### Problem to work on
A copy of the listing below is needed, exact in every line and without images.
START Data section
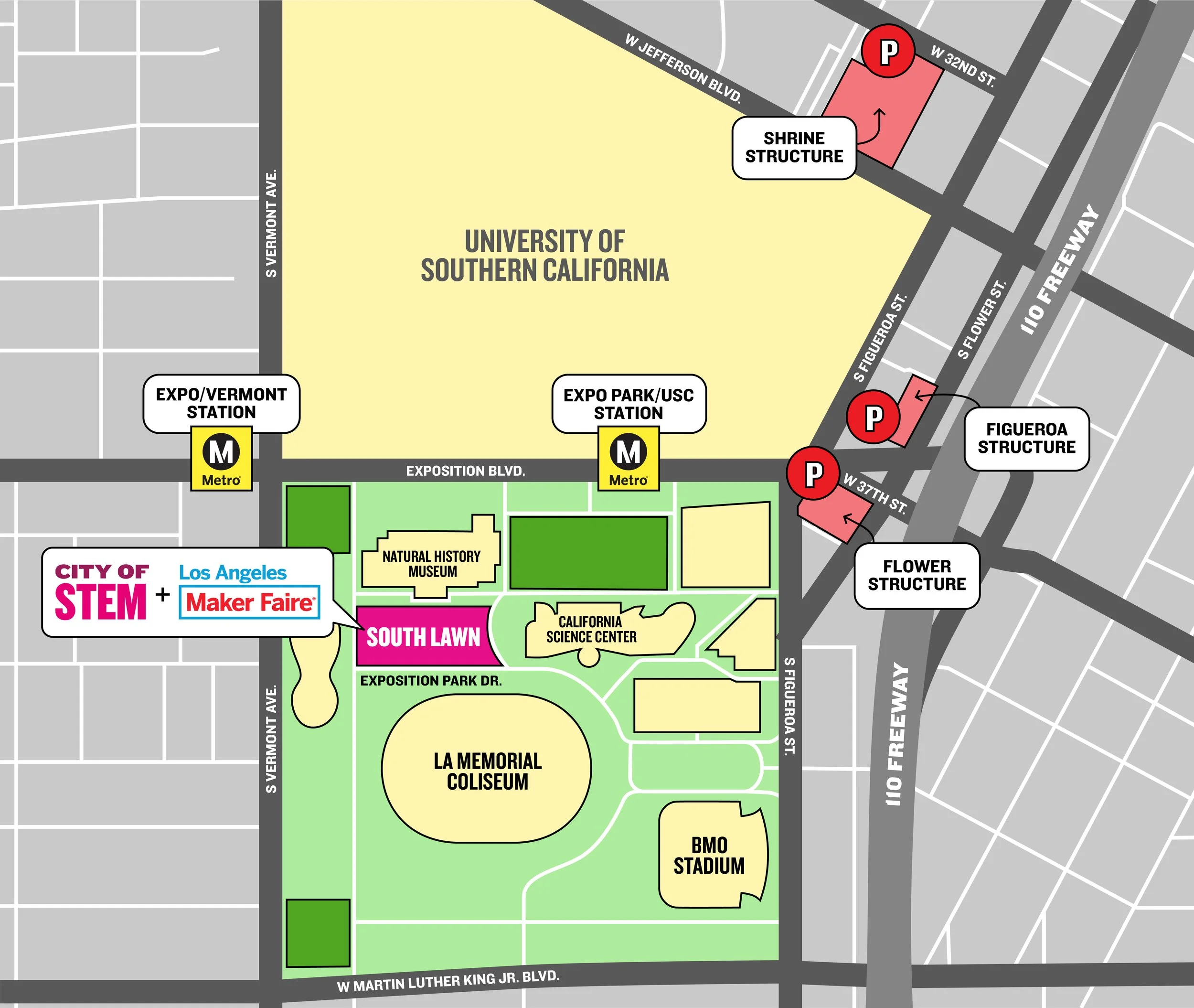 City of STEM + Los Angeles Maker Faire is located at Exposition Park South Lawn.
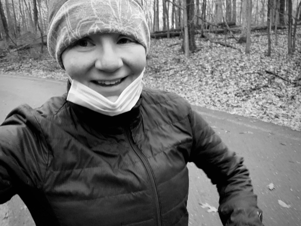 I was undeterred though, and quickly threw something together. Tights, merino wool long sleeve shirt, short sleeve t-shirt and wool jacket.Double yoga tops as a sports bra thing. Add in gloves and a grey and snowflake beanie and voila – perfect. Then Mom popped her head in and said she would be joining me and we crafted a plan: The loop at Seneca Creek Park. I would run a lap, and then run back to Mom and walk. If I felt good, I could repeat.
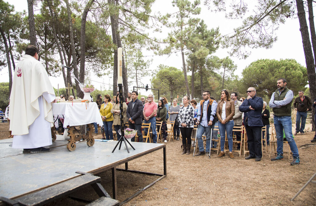 Tras dos días acampados en el recinto romero de «Altos de Don Gaspar», pasado el mediodía del domingo párroco titular de la parroquia en Pozo del Camino, Karol Adam Zuraw, oficiaba una Misa Romera, cantada por el «Coro de mayores Santísima María de la Bella de Lepe».
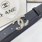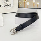 DOUBLE C BELT 30MM IN BLACK CALFSKIN WITH SHINY SILVER BUCKLE
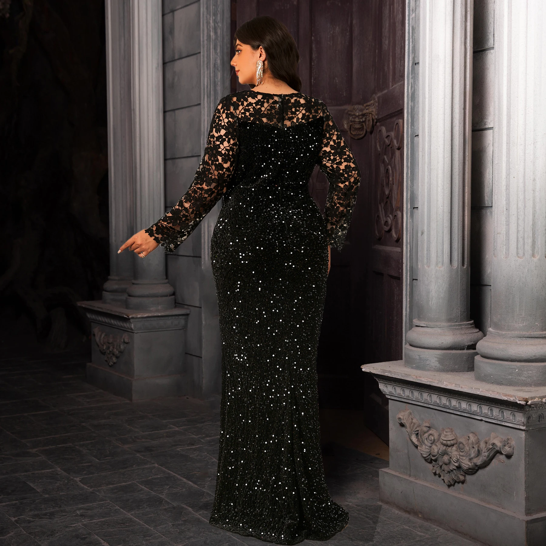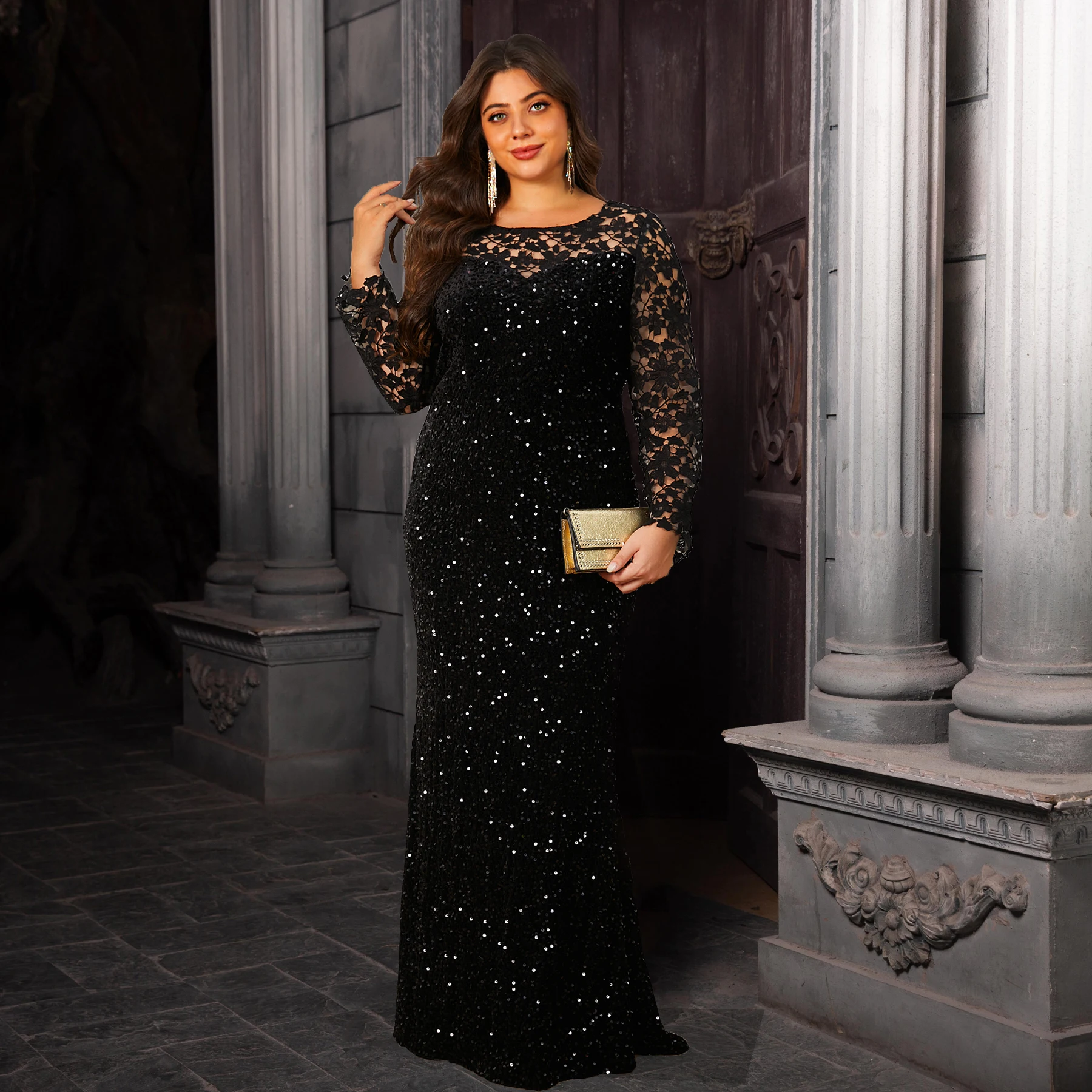 Robe de soirée courbe élégante pour femmes, dentelle, manches longues, paillettes, velours, ajouré, robe Maxi modeste |
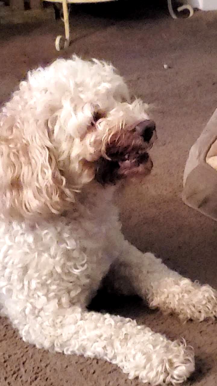 A Maltese dog holds a baby toy that vibrates in her mouth at home, and two women laugh at her.
END Data section
### Output of the exercise
 City of STEM + Los Angeles Maker Faire is located at Exposition Park South Lawn.
 I was undeterred though, and quickly threw something together. Tights, merino wool long sleeve shirt, short sleeve t-shirt and wool jacket.Double yoga tops as a sports bra thing. Add in gloves and a grey and snowflake beanie and voila – perfect. Then Mom popped her head in and said she would be joining me and we crafted a plan: The loop at Seneca Creek Park. I would run a lap, and then run back to Mom and walk. If I felt good, I could repeat.
 Tras dos días acampados en el recinto romero de «Altos de Don Gaspar», pasado el mediodía del domingo párroco titular de la parroquia en Pozo del Camino, Karol Adam Zuraw, oficiaba una Misa Romera, cantada por el «Coro de mayores Santísima María de la Bella de Lepe».
 DOUBLE C BELT 30MM IN BLACK CALFSKIN WITH SHINY SILVER BUCKLE
 Robe de soirée courbe élégante pour femmes, dentelle, manches longues, paillettes, velours, ajouré, robe Maxi modeste |
 A Maltese dog holds a baby toy that vibrates in her mouth at home, and two women laugh at her.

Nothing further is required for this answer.